Заглянув в маленькое зарешеченное оконце, они увидели перед собой совершенно голого мужчину. Он стоял у кровати, расставив тощие ноги и выпятив неестественно раздутый живот. Потухший взор страдальца был неотрывно, с какой-то дьявольской сосредоточенностью прикован к собственному брюху.
— Это часто бывает при шизофрении: пациент принимает определенную позу, порой непристойную, и может, не шелохнувшись, находиться в ней так долго, что нормальный человек ни за что не выдержал бы, — скороговоркой зашептал Фосетт. — Случаются такие периоды, когда больные превращаются в живые статуи, зачастую довольно отталкивающие. Вот этот — типичный позер. Его безумный мозг одержим мыслью, что в животе у него — живая собака. Вот он и ждет, когда она пошевельнется.
— Боже правый! — вырвалось у Грэхема, явно пораженного увиденным.
— Уверяю вас, это вполне заурядная галлюцинация, — заметил Фосетт, являя собой образчик профессиональной невозмутимости. Он смотрел через решетку с видом натуралиста, разглядывающего пришпиленную на булавке бабочку. — Только иррациональная реакция Уэбба заставила меня обратить на этого пациента особое внимание.
— А как реагировал Уэбб? — Грэхем еще раз заглянул в палату и сразу же поспешно отвел глаза. У него в мозгу мелькнула та же мысль, что и у Воля: «Я бы ни за какие блага туда не вошел».

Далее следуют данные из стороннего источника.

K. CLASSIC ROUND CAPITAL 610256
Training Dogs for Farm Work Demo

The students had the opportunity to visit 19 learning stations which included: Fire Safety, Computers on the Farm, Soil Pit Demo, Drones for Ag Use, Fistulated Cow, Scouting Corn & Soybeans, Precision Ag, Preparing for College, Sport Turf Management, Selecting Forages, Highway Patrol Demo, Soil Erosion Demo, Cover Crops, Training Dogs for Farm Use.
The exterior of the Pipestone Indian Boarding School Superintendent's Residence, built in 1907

— Больной его просто заворожил. Он сказал мне: «Фосетт, бедолагу доконали невидимые студенты-медики. Это всего лишь изувеченные останки, которые супервивисекторы выбросили на свалку». — Фосетт погладил бородку. — Образно, но логики — никакой, — произнес он со снисходительной усмешкой.
По телу Грэхема пробежала внезапная дрожь. Несмотря на железные нервы, он ощутил приступ дурноты. У Воля вид был тоже бледноватый. Оба они почувствовали одинаковое облегчение, когда Фосетт повел их обратно, в свой кабинет.

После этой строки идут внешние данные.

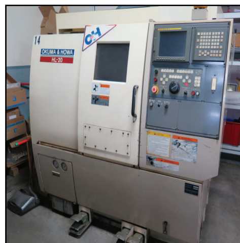
Okuma & Howa HL-20 CNC Turning Center w/ Fanuc 18i-T Controls, 12-Station Turret, Tailstock, 16C Nose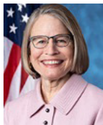
Rep. Mariannette Miller- Meeks, MD (R-IA-02) - $1,000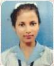
Endorbanyllawnehmong Nemcare Hospital, Guwahati (NICU)

— Я спросил Уэбба, что, черт побери, он имеет в виду, — все с той же безмятежностью продолжал доктор Фосетт, — но он только натянуто усмехнулся и процитировал изречение о том, что глупо быть мудрецом, когда неведение — благо. Через неделю он в страшном волнении позвонил мне и попросил дать сведения о статистике заболевания зобом среди слабоумных.
— У вас они есть?
— Есть. — Совсем исчезнув за своим огромным столом, Фосетт порылся в ящике и вынырнул с листом бумаги. — Вот, я приготовил специально для него. Поскольку Уэбб умер, информация несколько запоздала. Он подвинул листок Грэхему.
— Но отсюда следует, что на две тысячи обитателей клиники не зарегистрировано ни одного случая зоба! — воскликнул Грэхем, пробежав глазами текст. — Из отчетов других клиник тоже видно, что таких случаев либо нет вообще, либо они крайне редки.
— Это ровным счетом ничего не значит и свидетельствует лишь о том, что слабоумные не особо подвержены болезни, которая вообще встречается редко. Вероятно, такие же данные мы получили бы и по двум тысячам водителей автобусов, торговцев краской или полицейских.
— Как только подхвачу зоб, так сразу же вам сообщу, — мрачно пообещал Воль.
— А что вызывает зоб? — перебил его Грэхем.